Larry Korver

Biographical details
- Born: February 27, 1936 (age 90) Orange City, Iowa, U.S.

Playing career

Football
- 1952–1953: Northwestern (IA)
- 1954–1955: South Dakota State

Basketball
- 1955–1956: South Dakota State
- Position: Halfback (football)

Coaching career (HC unless noted)

Football
- c. 1957: Walnut Grove HS (MN)
- 1960–1961: Maurice-Orange City HS (IA) (assistant)
- 1962–1966: Luverne HS (MN)
- 1967–1994: Northwestern (IA)

Head coaching record
- Overall: 212–77–6 (college)
- Tournaments: 15–9 (NAIA D-II playoffs)

Accomplishments and honors

Championships
- 2 NAIA Division II National (1973, 1983) 10 Tri-State (1971–1980) 1 Tri-State Athletic (1988) 1 Nebraska-Iowa (1994)

Awards
- NAIA Coach of the Year (1973) NAIA Division II Coach of the Year (1985) NAIA Hall of Fame (1990)
- College Football Hall of Fame Inducted in 2025 (profile)

= Larry Korver =

American football coach (born 1936)

Lawrence "Bubb" Korver (born February 27, 1936) is a retired American football coach.

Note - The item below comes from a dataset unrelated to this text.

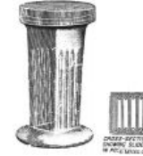
No. 673 - Coplin Staining Jar with Ground On Cover Standard size. With ground on cover. Capacity 10 slides 3" x 1".

He served as the head coach at Northwestern College in Orange City, Iowa from 1967 to 1994, compiling a record of 212–77–6. Korver led Northwestern to two NAIA Division II Football National Championships, in 1973 and 1983. He was inducted into the NAIA Hall of Fame in 1990. He was inducted into the College Football Hall of Fame in 2025.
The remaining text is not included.